▶ [Task item]: Would you copy exactly the lines in the data below from the one that has "Remix 团队把自家商店代码开源了,这个项目基于 React" through the one that has "花びらが繊細なビロード生地で", dropping any pictures?

▶ [Information given]:
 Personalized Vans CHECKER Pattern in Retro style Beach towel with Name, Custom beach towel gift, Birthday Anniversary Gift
---
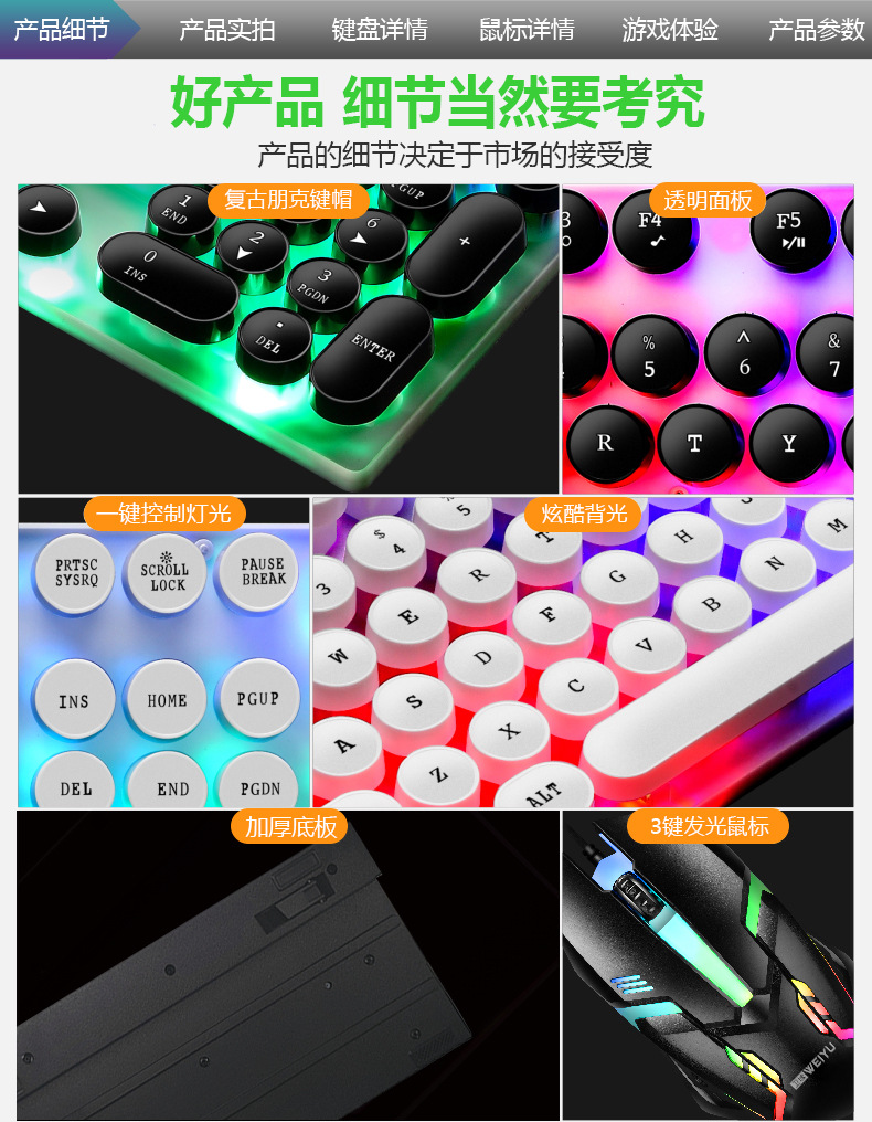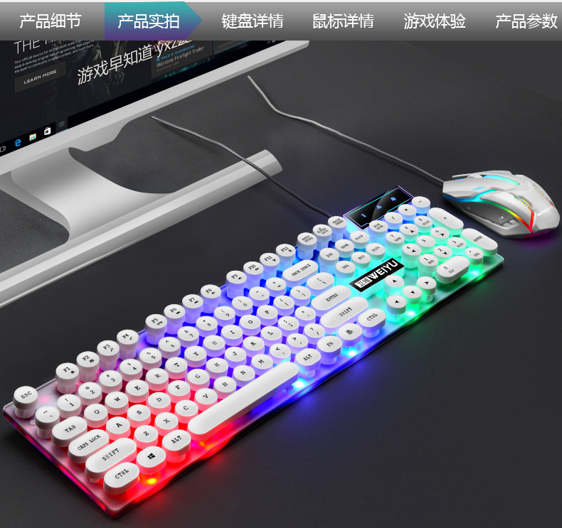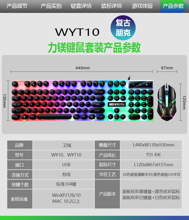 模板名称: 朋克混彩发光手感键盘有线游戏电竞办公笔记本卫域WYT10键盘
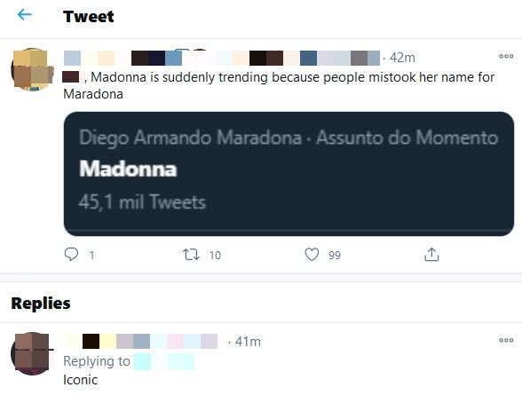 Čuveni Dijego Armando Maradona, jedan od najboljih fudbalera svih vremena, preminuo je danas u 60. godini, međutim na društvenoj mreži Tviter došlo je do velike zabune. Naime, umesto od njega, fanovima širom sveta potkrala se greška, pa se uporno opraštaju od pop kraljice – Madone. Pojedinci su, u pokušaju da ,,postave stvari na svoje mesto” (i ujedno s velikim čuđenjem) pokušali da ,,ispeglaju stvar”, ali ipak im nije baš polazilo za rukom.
---
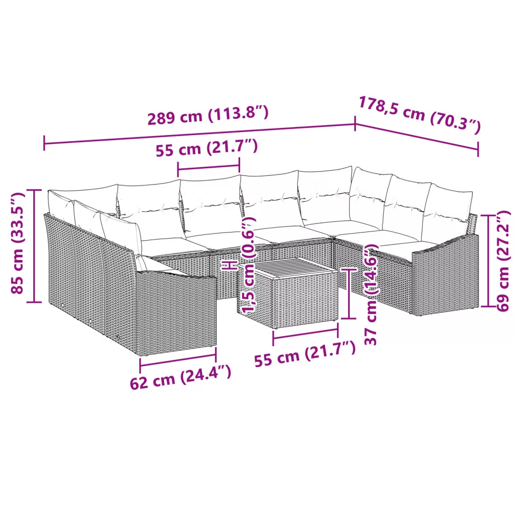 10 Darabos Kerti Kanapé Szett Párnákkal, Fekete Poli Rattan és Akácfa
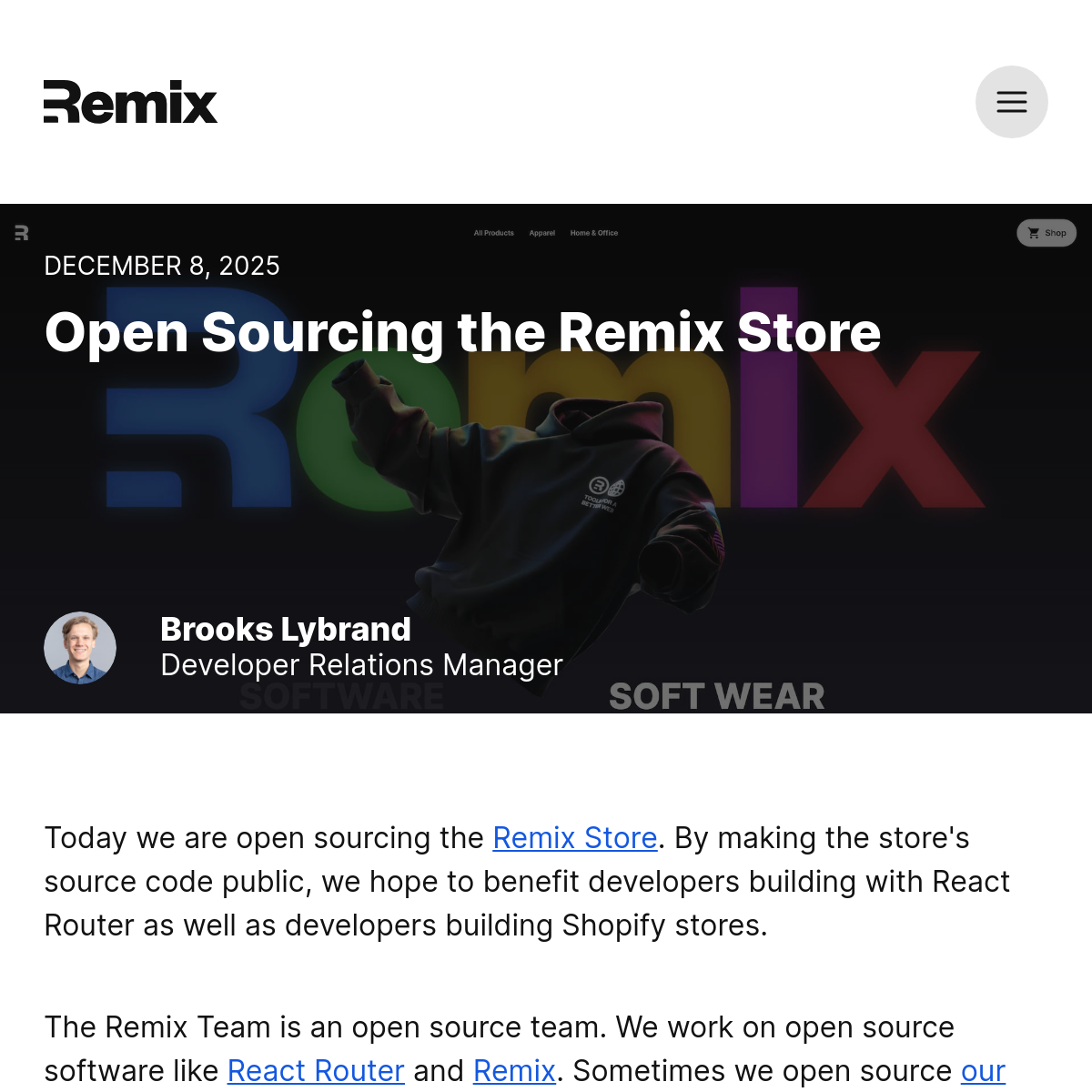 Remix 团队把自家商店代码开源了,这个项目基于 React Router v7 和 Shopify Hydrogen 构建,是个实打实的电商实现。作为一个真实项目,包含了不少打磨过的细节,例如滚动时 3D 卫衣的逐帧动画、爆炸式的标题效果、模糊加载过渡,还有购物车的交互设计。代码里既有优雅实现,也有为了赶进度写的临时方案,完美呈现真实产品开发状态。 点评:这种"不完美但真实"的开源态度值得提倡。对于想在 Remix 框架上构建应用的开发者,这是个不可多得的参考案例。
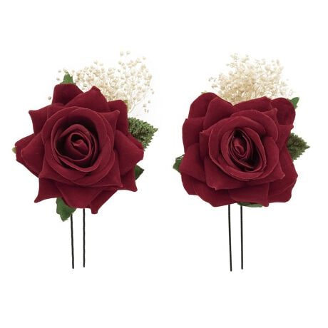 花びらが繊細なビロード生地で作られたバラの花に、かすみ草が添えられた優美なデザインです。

▶ [Exercise solution]:
 Remix 团队把自家商店代码开源了,这个项目基于 React Router v7 和 Shopify Hydrogen 构建,是个实打实的电商实现。作为一个真实项目,包含了不少打磨过的细节,例如滚动时 3D 卫衣的逐帧动画、爆炸式的标题效果、模糊加载过渡,还有购物车的交互设计。代码里既有优雅实现,也有为了赶进度写的临时方案,完美呈现真实产品开发状态。 点评:这种"不完美但真实"的开源态度值得提倡。对于想在 Remix 框架上构建应用的开发者,这是个不可多得的参考案例。
 花びらが繊細なビロード生地で作られたバラの花に、かすみ草が添えられた優美なデザインです。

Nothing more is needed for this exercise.